Когда Кирибеевич был убит, царь «прогневался гневом» и велел схватить купца.

Как возго?ворил православный царь:

«Отвечай мне по правде, по совести,

Вольной волею или нехотя

Ты убил насмерть мово верного слугу,

Мово лучшего бойца Кирибеевича?»

«Я скажу тебе, православный царь:

Я убил его вольной волею,

А за что про что — не скажу тебе,

Скажу только Богу единому...»

Здесь купец вышел из своего рассчитанного круговорота, — он не сказал правды (как ему «положено» по его прямому характеру), через которую, вероятно, мог бы спасти свою голову. Он принял на себя судьбу преступника, который, будучи осужден на казнь, вызовет жалость народа и станет как бы мучеником, о котором поют песни... Никому ведь не ведомо, что погиб он за свою «святую правду-матушку»... И какая светлая грусть веет над его могилой! —

Схоронили его за Москвой-рекой,

На чистом поле промеж трех дорог:

Промеж тульской, рязанской, владимирской,

И бугор земли сырой тут насыпали,

И кленовый крест тут поставили.

И гуляют, шумят ветры буйные

Над его безыменной могилкою.

И проходят мимо люди добрые:

Пройдет стар человек — перекрестится,

Пройдет молодец — приосанится,

Пройдет девица — пригорюнится,

А пройдут гусляры — споют песенку.

И никому-то нет дела до Кирибеевича. Может быть, только одна Алена Дмитревна, молодая вдова, и вспомнит когда-нибудь о нем...

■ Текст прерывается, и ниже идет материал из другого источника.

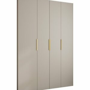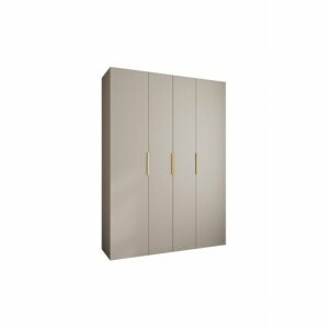 TARO LITE 180 w kolorze kaszmir to najszersza czterodrzwiowa szafa w tej linii, stworzona z myślą o osobach, które oczekują maksymalnej ilości miejsca do przechowywania w połączeniu z eleganckim wyglądem. Matowe fronty w ciepłym, neutralnym odcieniu kaszmir wprowadzają przytulność i harmonię do wnętrza, a cztery smukłe uchwyty w kolorze złotym lub czarnym podkreślają nowoczesny styl mebla.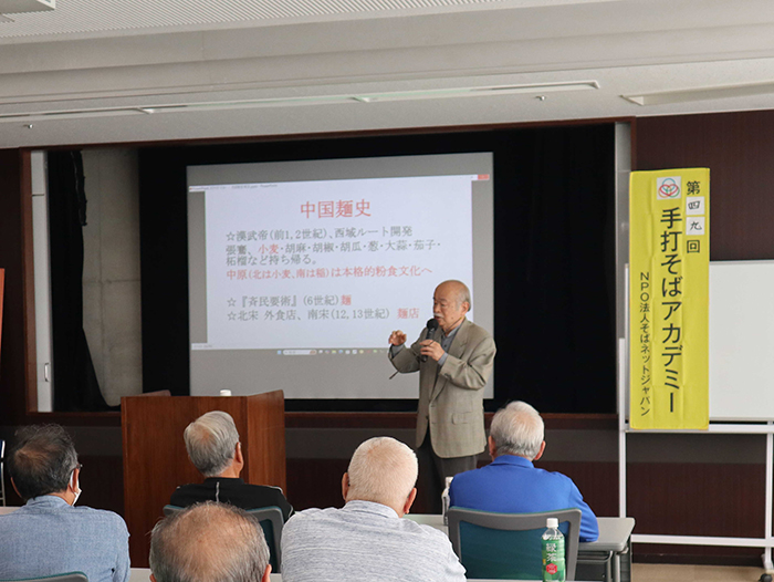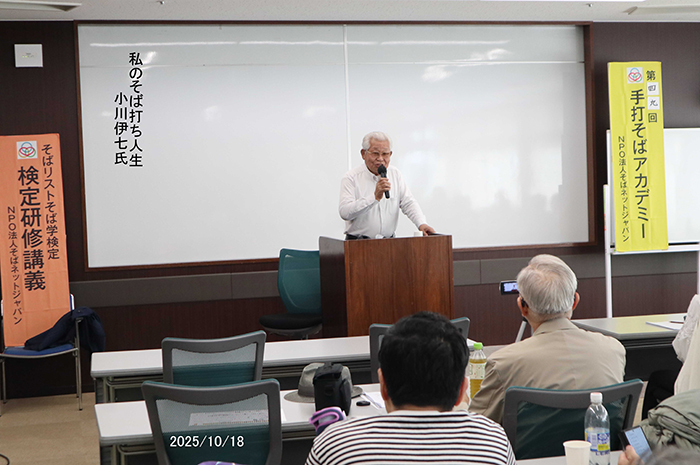 最新ニュース一覧 10月18日「第49回手打ちそばアカデミーinさいたま」が成功裡に開催! 投稿者 : sobashogun 投稿日時: 2025-10-22 12:25:40 10月18日、埼玉県県民活動総合センター(埼玉・伊奈町)において、55人が参加してNPO法人そばネットジャパンが主催する「第49回手打ちそばアカデミーinさいたま」が成功裡に開催された。同法人は、日本が誇る伝統的な食文化である手打ちそばの普及・振興を図り、地域社会へ貢献することを目的に2005年設立。そばの歴史や文化、栄養学的な知見を学ぶとともにそば打ち技能向上のため、07年から「手打ちそばアカデミー」を開講している。

Итак, смутный, тяжелый период был пройден. После «Бородина» и «Песни про царя Ивана Васильевича, молодого опричника и удалого купца Калашникова» Лермонтов почувствовал необыкновенный прилив сил; «страшная жажда песнопенья» вновь охватила его. Она была уже не та, не юношеская, не отчаянная, не самоубийственная, — словом, другая. Это было возрождение, страстно ожидавшееся, молимое... Он решил выйти в отставку. С «Бородина» и «Песни...» начать деятельность литератора. У Краевского в «Литературных прибавлениях...» и затем хорошо бы в «Современнике» Пушкина!.. Хотелось обе эти вещи показать Пушкину. Как умно ведется «Современник» — с каким достоинством, без всякого заискивания перед публикой. Куда пухлой «Библиотеке...» до него. Как пошлы и мелки зубоскал Сенковский и подлый хвастун Булгарин! В этом журнале Пушкина вызревает будущая русская литература. «Современник» — подлинно патриотичен, без деклараций и назойливых «мыслей о России» (вот где Краевскому нужно учиться ведению журнала). И никакой иностранщины: русские авторы, оригинальные статьи... А все прочие журналы полны материалов, переведенных из заграничных газет и журналов. «Современник» — журнал поэта, писателя, критика, постепенно стягивающего к себе единомышленников. Нельзя быть в стороне.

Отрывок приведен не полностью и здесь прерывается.